A Comissão Europeia já havia informado que o Brasil poderá retornar à lista de fornecedores autorizados quando conseguir demonstrar o cumprimento das exigências. O problema é que, para algumas cadeias, especialmente a bovina, a adequação pode demandar mais tempo porque envolve informações referentes ao histórico dos animais.
Mullooly afirmou que a Comissão Europeia também descartou uma alternativa que vinha sendo considerada nos bastidores: permitir que regiões, propriedades ou cadeias brasileiras que conseguissem demonstrar individualmente o cumprimento das regras continuassem exportando. Segundo o parlamentar, a autorização dependerá da situação do País perante as exigências europeias.
Rezende considera que esse é justamente o ponto que exige uma resposta rápida do governo e do setor produtivo.

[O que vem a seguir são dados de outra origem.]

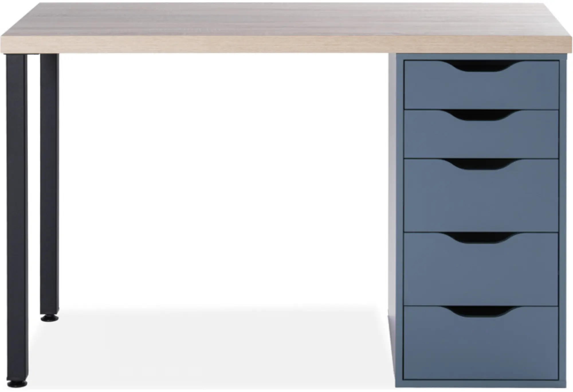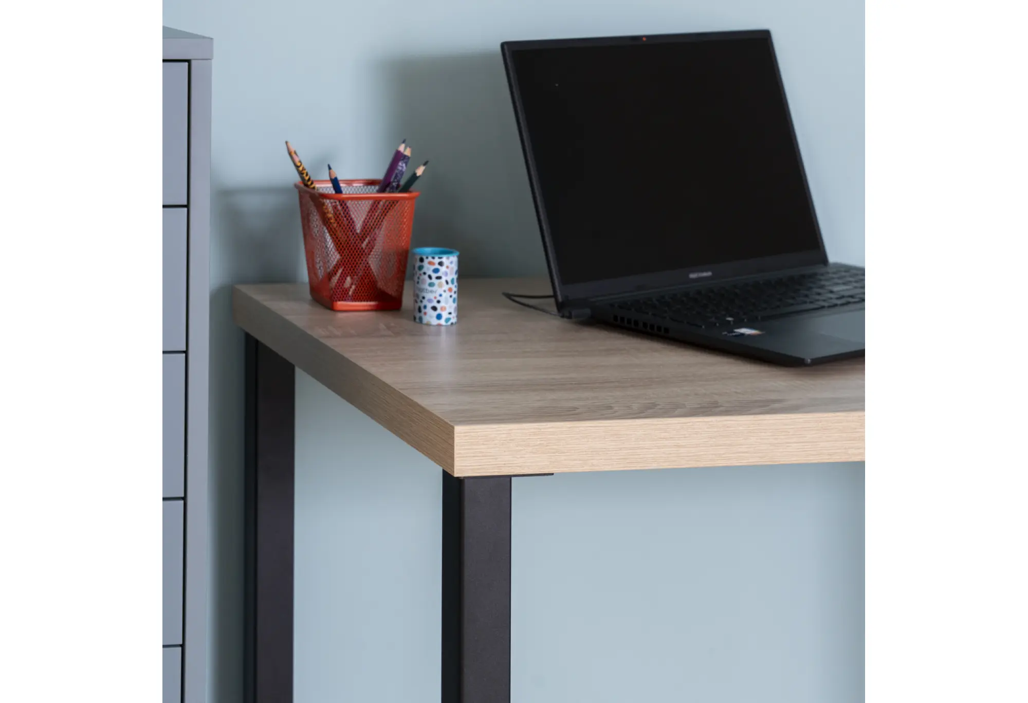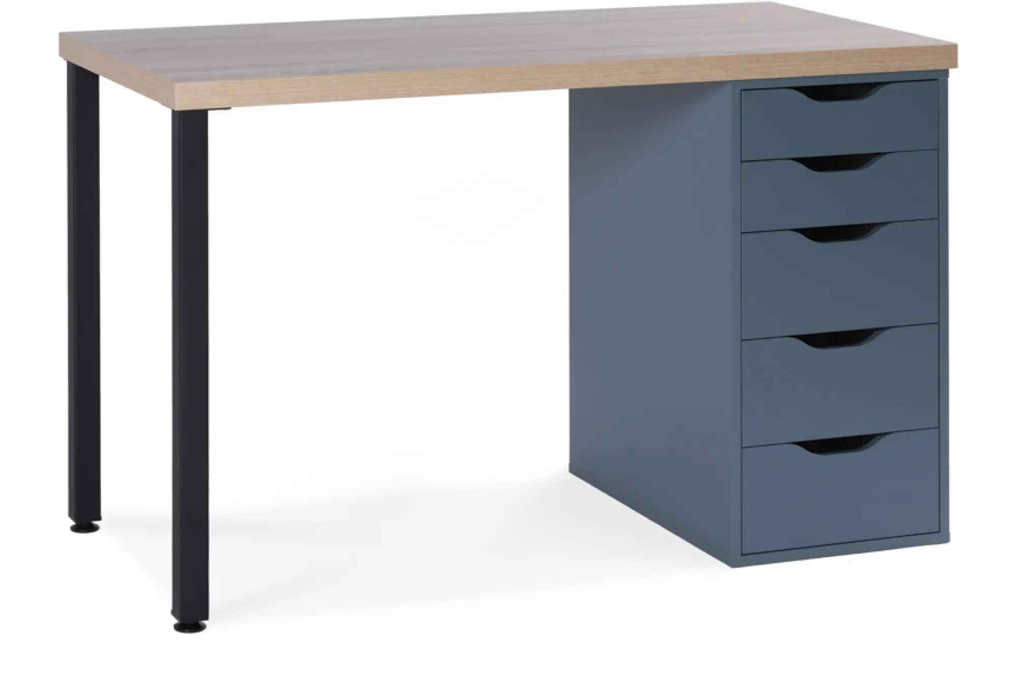 S01378 Ингар 1/5Т стол письменный 120x75x55, дуб беленый/серо-бирюзовый/черный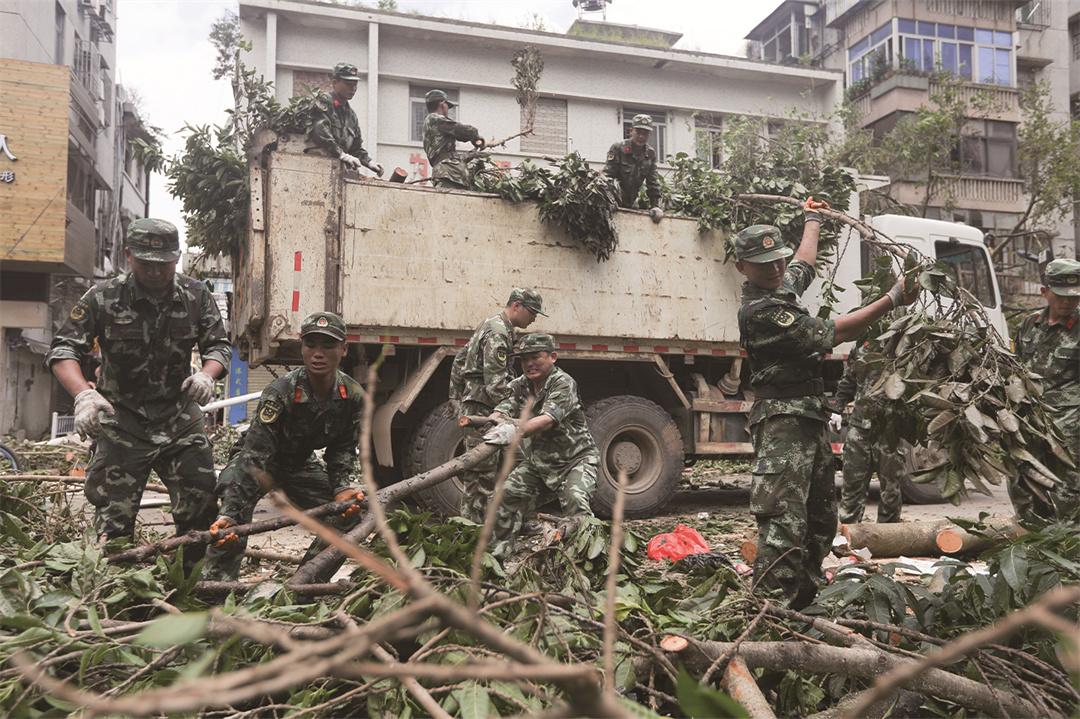 “紅色前哨連”聞令而動,官兵們在齊腰深的海水中摸索前行,赤腳涉險1公里抵達災區(qū)。面對情侶路被海水倒灌、樹木橫阻的險情,60余名官兵連續(xù)3天每天奮戰(zhàn)10小時,用斧頭劈開倒伏樹干,徒手搬運數(shù)百斤樹枝,清理被淹車輛十余臺,轉(zhuǎn)移群眾30余人,疏通情侶南路3.7公里。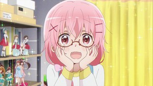 The pink-haired would-be mangaka's journey to serialization continues in this week's Kaos-focused Comic Girls. With Koyume recently scoring a serialized miniseries, Kaos is now the only member of the core group whose work hasn't been published. Feeling dejected and inadequate, she offers to act as an assistant to Fuura, who helps her regain some of her lost confidence. The episode's loosely connected second half finds Kaos making her first solo pilgrimage to Akihabara and buying her first pair of glasses. Although her new specs help her see the world more clearly, they also make little mistakes in her art more noticeable, causing her to quickly rethink the purchase.

“Agora não adianta discutir apenas se a decisão europeia é justa ou injusta. O Brasil precisa identificar exatamente quais garantias ainda não foram consideradas suficientes, estabelecer um cronograma para atender cada uma delas e negociar uma solução que permita recuperar o mercado no menor prazo possível. Cada mês de restrição representa espaço que pode ser ocupado por concorrentes e, depois que outro fornecedor conquista esse comprador, recuperar a posição custa muito mais”, afirma Isan.
O mercado europeu não é o maior destino em volume da carne brasileira, mas possui importância estratégica por comprar produtos de maior valor agregado e funcionar como referência sanitária para outros compradores internacionais. Em 2025, as exportações brasileiras de carnes bovina e de aves para o bloco movimentaram cerca de R$ 9,3 bilhões, considerando a conversão dos US$ 1,8 bilhão registrados no período pelo câmbio atual próximo de R$ 5,15.
A pressão política contra o produto brasileiro também ganhou força na Irlanda. Nesta segunda-feira, Kenny pediu ao governo irlandês esclarecimentos sobre o destino das carnes brasileiras importadas antes da entrada em vigor das novas regras e defendeu até mesmo o recolhimento desses produtos. A reivindicação do parlamentar, porém, não significa que a União Europeia tenha determinado um recall.
Pelas informações divulgadas por Mullooly após o contato com a Comissão Europeia, produtos que tenham deixado o Brasil antes da entrada em vigor da nova regra poderão ser tratados de maneira diferente dos novos embarques.
Para o Brasil, portanto, a discussão muda de fase nesta semana. Depois das tentativas de evitar a entrada em vigor da medida, a prioridade passa a ser demonstrar o atendimento às exigências europeias e reduzir o período de afastamento de um dos mercados mais rigorosos e valorizados para as proteínas animais brasileiras.